I was given an interesting dilemma today. A co-worker saw me adding a liquid (Diisopropyl ethylamine AKA DIPEA) to a flask filled with another liquid (Tetrahydrofuran AKA THF). I needed to weigh out exactly 5 grams of DIPEA into the THF and so I zero'd the scale with the flask+THF on it, then proceeded to add the DIPEA until the scale said 5.000g. Since masses are additive I assumed this was fine.

My co-worker, however, stopped and told me that although masses of two liquids are additive, the combined weights would not be, and since the scale measures weight as opposed to mass I had apparently just added an incorrect amount of DIPEA. He explained the reasoning to me but I'm a chemist, not a physicist and certainly not skilled in fluid mechanics, so I would like someone to dumb it down for me a bit or tell me if I'm way off.

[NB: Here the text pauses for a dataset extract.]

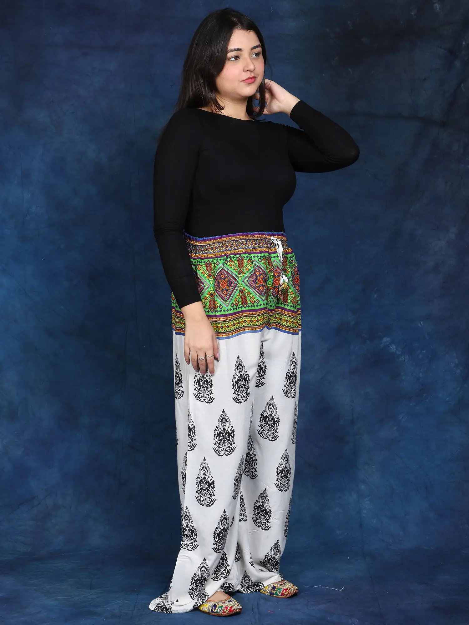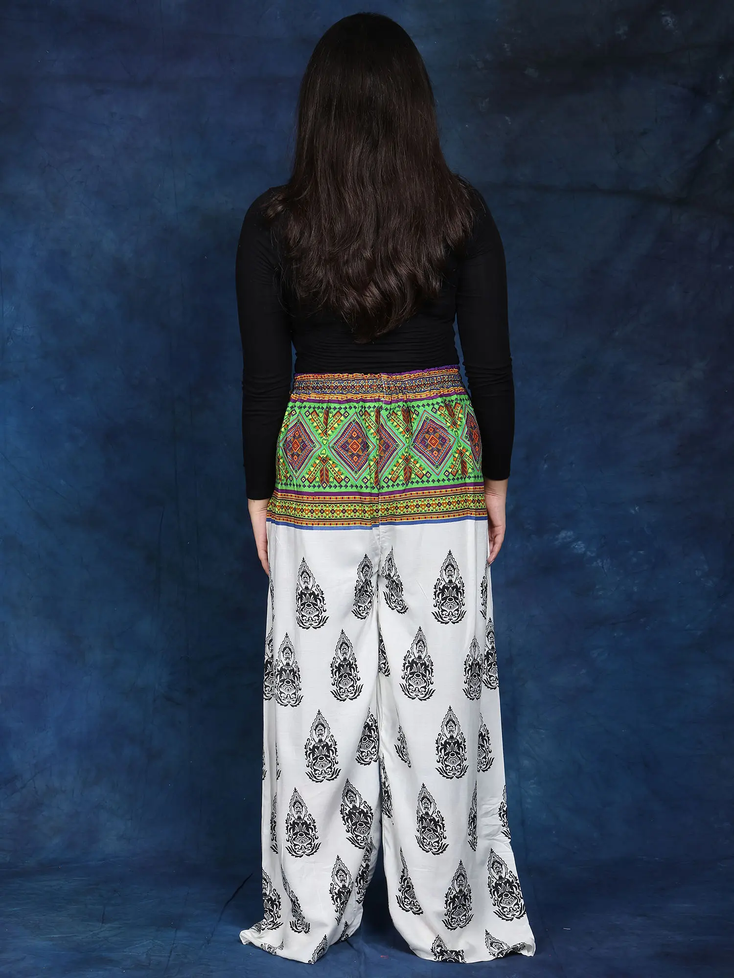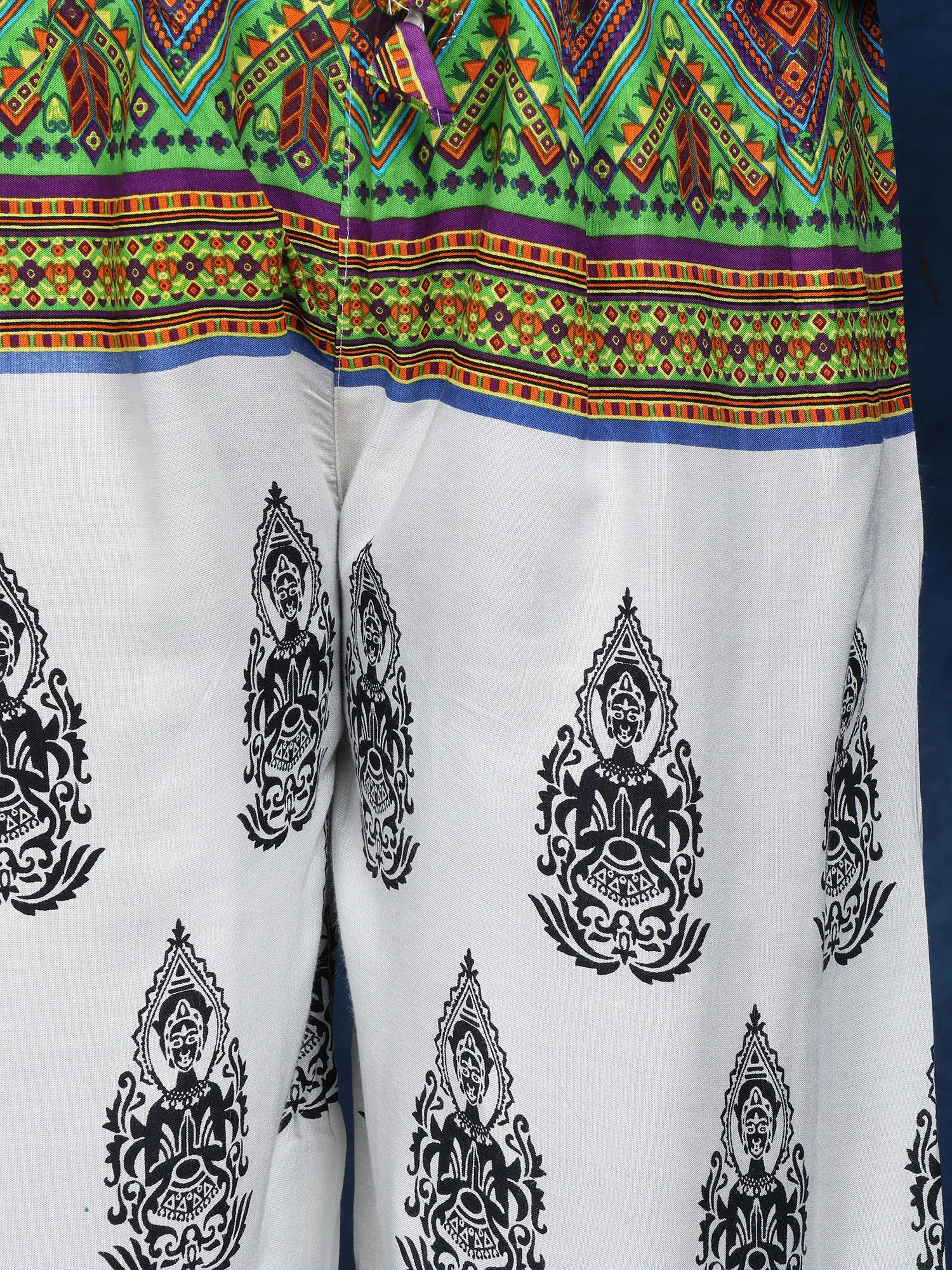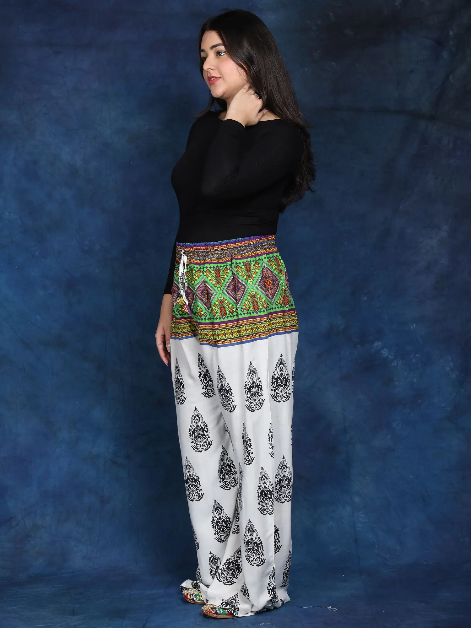 This “White Bohemian Yoga Trouser,” which features the serene visage of Gautam Buddha, is a work of art that tells narratives of serenity with every sway. Its “RAYON” construction gives it a supple, flowing quality that echoes the integration of body, mind, and spirit that is central to yoga.

From what I understand, the scale measures weight which is a function of gravitational force. But gravitational force is a function of buoyant force (its less if the buoyant force is greater since the buoyant force pushed a liquid up). Finally, buoyant force is a function of density. This means that my THF (which had a density of .9 g/ml) had a greater buoyant force than my THF/DIPEA solution (DIPEA density is only .74 g/ml so the solution would be somewhere between .74 and .90). And this means that technically as I'm adding DIPEA, the added mass is not the only thing causing the weight to increase; but rather the decreased buoyant force is also causing that.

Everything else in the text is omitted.